アウレリア公爵には今日がセレナの退院日であることは伝わっているはずだ。
それにもかかわらず、玄関には使用人一人姿を見せない。
リリアは自嘲するように小さく笑った。
――当然か。
母が亡くなり、叔父が国外へ旅立った後。
屋敷を任された父は、当主代理という立場を利用し、長年アウレリア家へ仕えてきた使用人たちを次々と不当に解雇した。

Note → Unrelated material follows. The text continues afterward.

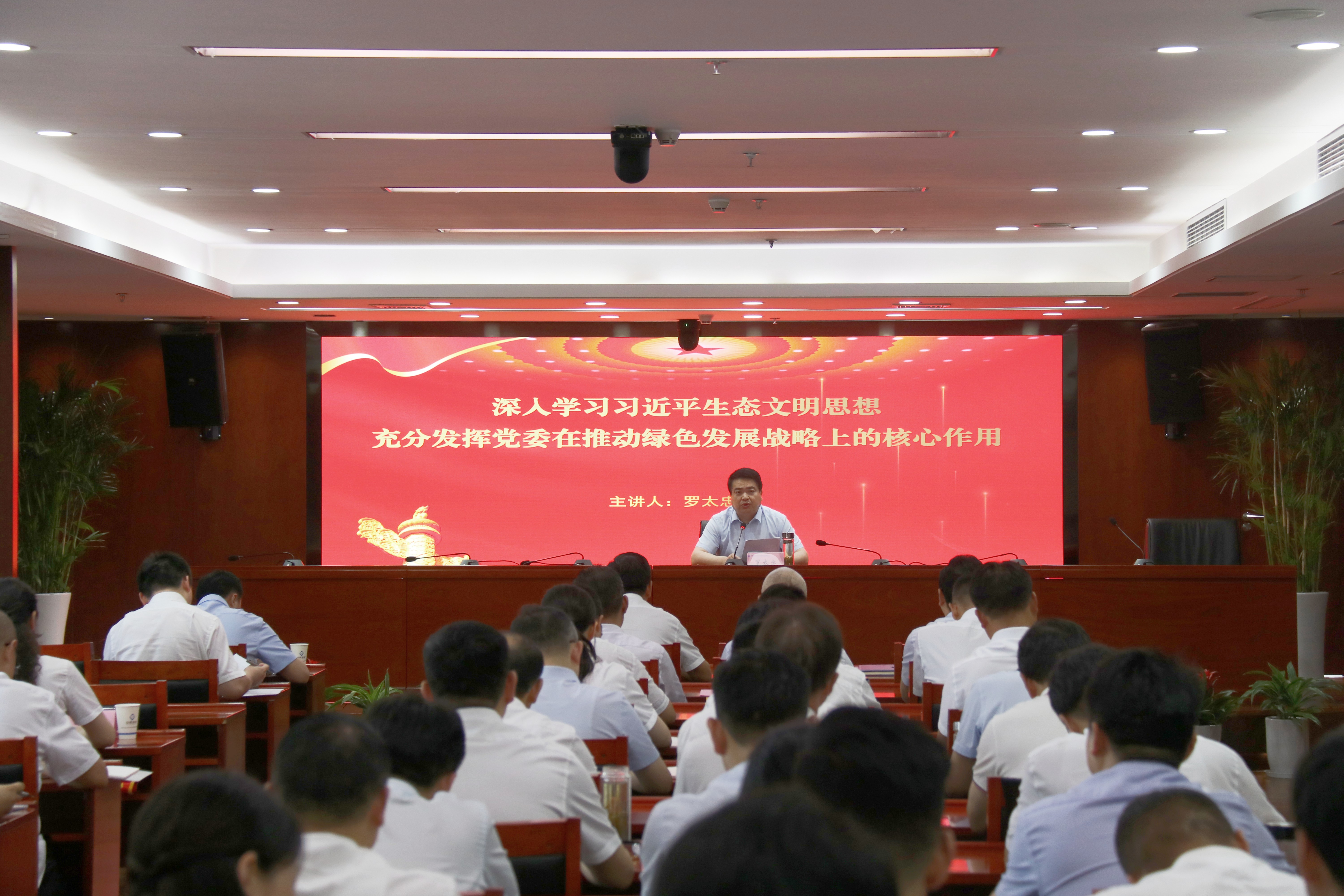 羅太忠以“深入學(xué)習(xí)習(xí)近平生態(tài)文明思想,充分發(fā)揮黨委在推動(dòng)綠色發(fā)展戰(zhàn)略上的核心作用”為題作專題黨課報(bào)告,從深刻理解和把握習(xí)近平新時(shí)代中國特色社會(huì)主義思想所蘊(yùn)含的觀點(diǎn)立場方法、深刻理解和把握黨的二十大的戰(zhàn)略部署和目標(biāo)任務(wù)、深刻理解和把握習(xí)近平總書記關(guān)于本地區(qū)本部門本領(lǐng)域的重要講話、重要指示批示精神以及集團(tuán)公司未來發(fā)展的戰(zhàn)略和路徑等方面,詳細(xì)闡述了習(xí)近平新時(shí)代中國特色社會(huì)主義思想理論的精髓,明確了集團(tuán)公司轉(zhuǎn)型生態(tài)環(huán)境產(chǎn)業(yè)的具體路徑,進(jìn)一步統(tǒng)一了思想、凝聚了共識。羅太忠在報(bào)告中指出,黨的二十大將“生態(tài)環(huán)境保護(hù)發(fā)生歷史性、轉(zhuǎn)折性、全局性變化”作為新時(shí)代十年偉大變革之一,將“促進(jìn)人與自然和諧共生”作為中國式現(xiàn)代化本質(zhì)要求的重要內(nèi)容。要深刻領(lǐng)會(huì)習(xí)近平生態(tài)文明思想和習(xí)近平總書記關(guān)于綠色發(fā)展的重要論述,充分把握貫徹落實(shí)綠色發(fā)展戰(zhàn)略的重大意義,進(jìn)一步增強(qiáng)推動(dòng)集團(tuán)公司轉(zhuǎn)型生態(tài)環(huán)境產(chǎn)業(yè)的使命感、責(zé)任感和緊迫感。要學(xué)深悟透習(xí)近平新時(shí)代中國特色社會(huì)主義思想,更好運(yùn)用貫穿其中的立場、觀點(diǎn)、方法指導(dǎo)推動(dòng)工作,進(jìn)一步提升政治能力、思維能力、實(shí)踐能力,把習(xí)近平總書記關(guān)于推進(jìn)生態(tài)文明、建設(shè)美麗中國的指示精神落到實(shí)處。

そして、自らが領地経営をしていた頃に従えていた者たちへと総入れ替えしたのだ。
その結果、セレナは広い屋敷の中で、たった一人取り残された。
唯一傍に残ったのは、セレナの専属従者だったフェリクスだけ。
だが、その最後の拠り所ですら、いつしか彼女をより深い孤独へ追いやる存在となってしまった。
「随分と悪趣味な屋敷になったな」
リリアは屋敷の奥へ足を進めながら、冷ややかな視線で周囲を見渡した。
以前はなかった、趣味の悪いほど豪奢な調度品。
必要以上に華美な装飾。
かつてのアウレリア家にはなかった成金趣味が、至る所に見て取れる。
そして、玄関正面の大階段へ視線を移した瞬間、リリアの足が止まった。
そこは本来、アウレリア家の紋章が掲げられていた場所だった。
しかし今、その誇り高き紋章は跡形もなく取り払われている。
代わりに飾られていたのは――
アウレリア公爵、愛人、そしてエミリア。
三人の肖像画だった。
まるで、この屋敷の主人は自分たちなのだと誇示するかのように。